**Work instructions:** Could you repeat the entries below exactly, but only from the line with "美国一家独大、日本雄心勃勃、" through the line with "Państwowa Szkoła Muzyczna", and without any picture?
----- Data listing -----
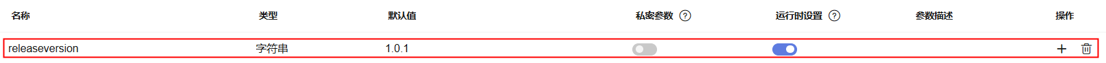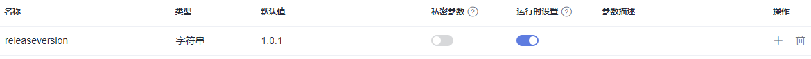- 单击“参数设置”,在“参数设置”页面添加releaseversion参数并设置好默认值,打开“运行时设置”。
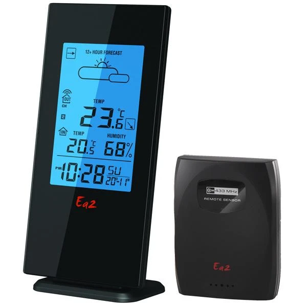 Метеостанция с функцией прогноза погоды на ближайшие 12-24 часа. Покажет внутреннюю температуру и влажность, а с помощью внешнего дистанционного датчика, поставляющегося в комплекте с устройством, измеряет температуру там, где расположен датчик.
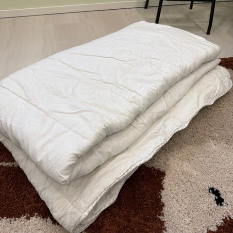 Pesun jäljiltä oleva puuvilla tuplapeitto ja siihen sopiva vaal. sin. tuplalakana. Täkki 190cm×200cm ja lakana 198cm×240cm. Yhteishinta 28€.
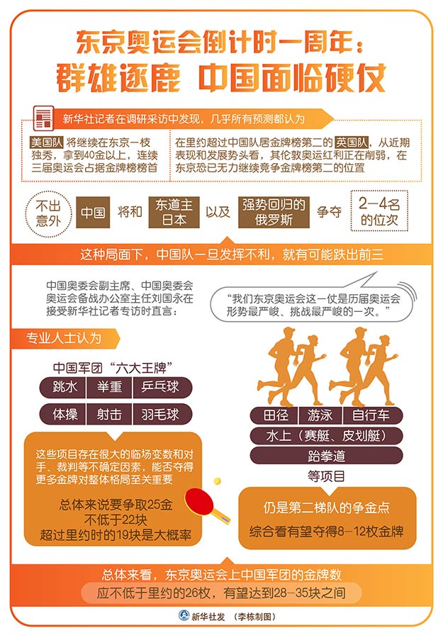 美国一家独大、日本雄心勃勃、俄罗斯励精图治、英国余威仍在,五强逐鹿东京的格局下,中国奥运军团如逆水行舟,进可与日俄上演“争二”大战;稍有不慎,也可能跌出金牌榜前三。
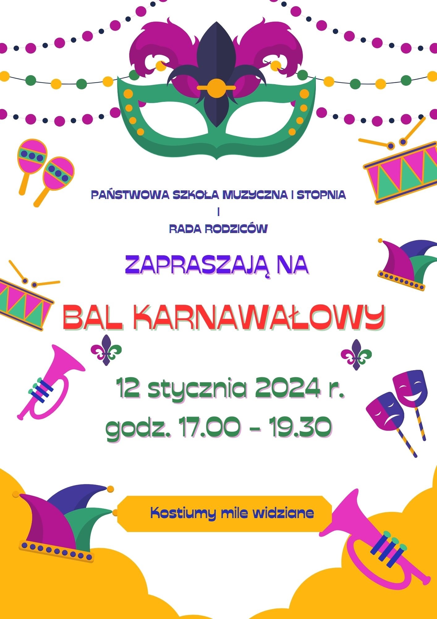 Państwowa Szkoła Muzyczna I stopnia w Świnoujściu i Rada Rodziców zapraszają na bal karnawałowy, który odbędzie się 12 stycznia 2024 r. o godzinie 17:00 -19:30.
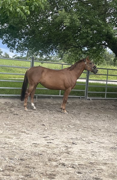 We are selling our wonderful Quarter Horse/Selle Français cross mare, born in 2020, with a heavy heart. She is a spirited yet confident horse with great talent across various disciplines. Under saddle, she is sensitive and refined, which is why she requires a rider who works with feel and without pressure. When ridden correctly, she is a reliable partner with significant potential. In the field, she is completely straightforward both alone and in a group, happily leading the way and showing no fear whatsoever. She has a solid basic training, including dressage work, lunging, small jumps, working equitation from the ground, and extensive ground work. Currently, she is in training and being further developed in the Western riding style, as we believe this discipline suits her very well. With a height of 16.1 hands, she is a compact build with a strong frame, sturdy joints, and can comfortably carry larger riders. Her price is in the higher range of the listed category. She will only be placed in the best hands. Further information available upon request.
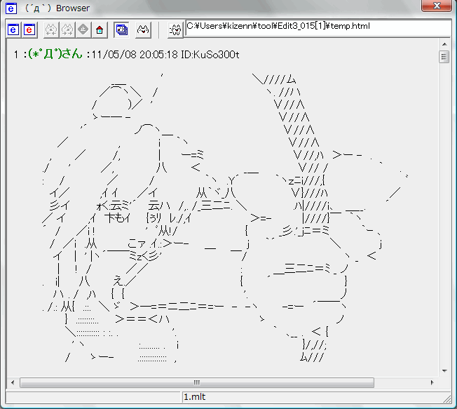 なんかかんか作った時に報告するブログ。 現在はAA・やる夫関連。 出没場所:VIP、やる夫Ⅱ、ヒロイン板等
-----
**Task answer:**
 美国一家独大、日本雄心勃勃、俄罗斯励精图治、英国余威仍在,五强逐鹿东京的格局下,中国奥运军团如逆水行舟,进可与日俄上演“争二”大战;稍有不慎,也可能跌出金牌榜前三。
 Państwowa Szkoła Muzyczna I stopnia w Świnoujściu i Rada Rodziców zapraszają na bal karnawałowy, który odbędzie się 12 stycznia 2024 r. o godzinie 17:00 -19:30.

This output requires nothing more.